Reputation: 21
I need some ideas to develop a good hashing function for my assignment. I have a list of all the countries in the world (around 190) in total. The names of each country is the key for the hashing function. Is there a specific kind of hashing function anyone would recommend to store this data in a hashing function without many collisions?

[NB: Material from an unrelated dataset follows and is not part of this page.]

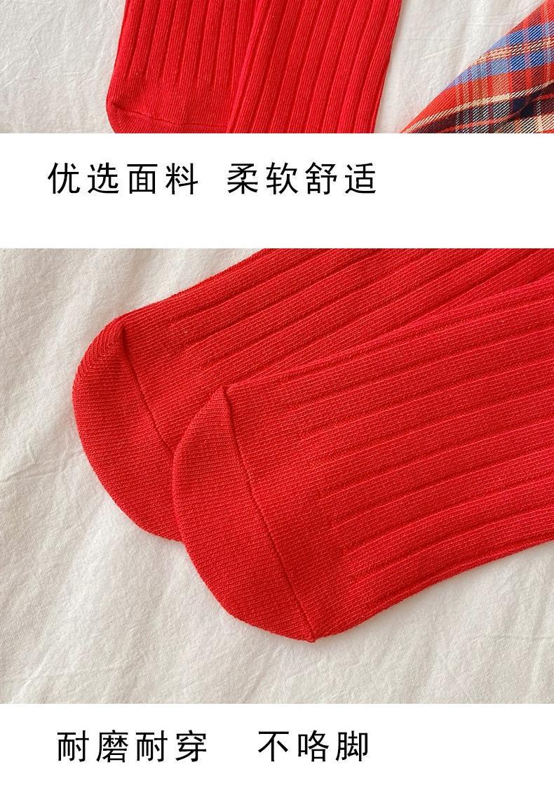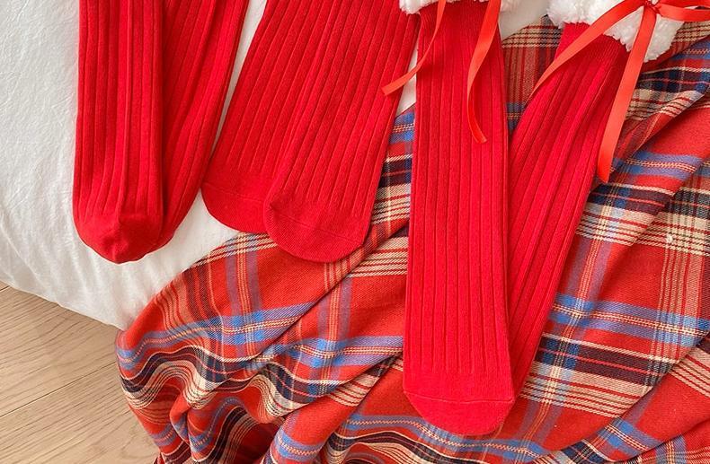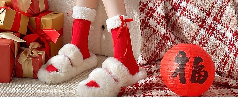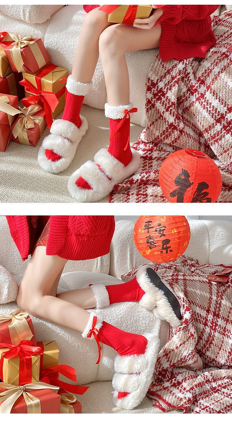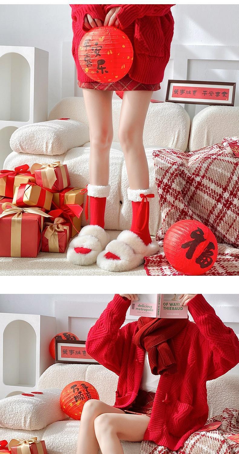 本命年靴下女子秋冬新年パイル靴下レース蝶結び中筒ロリータ大紅中筒靴下

Also, can you perhaps give an example of how to implement it?
Upvotes: 2
Views: 234
Reputation: 5917
The simplest approach I can think of is for each country's name to compute the sum of the ASCII values in its representation and use this as the hash value:
int hash(const char *s)
{
int h = 0;
while (s && *s)
h += *s++;
return h;
}
If your hash map has size N, you store country names with map[hash(my_country) % N] = my_country
. Conceptually.
Just try this approach and see whether the resulting hash values are sufficiently uniformly distributed. Note that the quality of the distribution may also depend on N.
Upvotes: 0
Reputation: 27470
You can use generated perfect hash for that (GNU perf).
Of if the set of strings is dynamic then you can use ternary trie. For N unique strings it will give you unique number [1..N]. For your case it will be faster than with hash tables. Here is my implementation of such thing: http://code.google.com/p/tiscript/source/browse/trunk/tool/tl_ternary_tree.h
Upvotes: 2
Reputation: 249394
Use GNU gperf. For inputs like yours, it will generate C code for you which implements a perfect hash function (for the given inputs). No collisions, no worries.
Upvotes: 2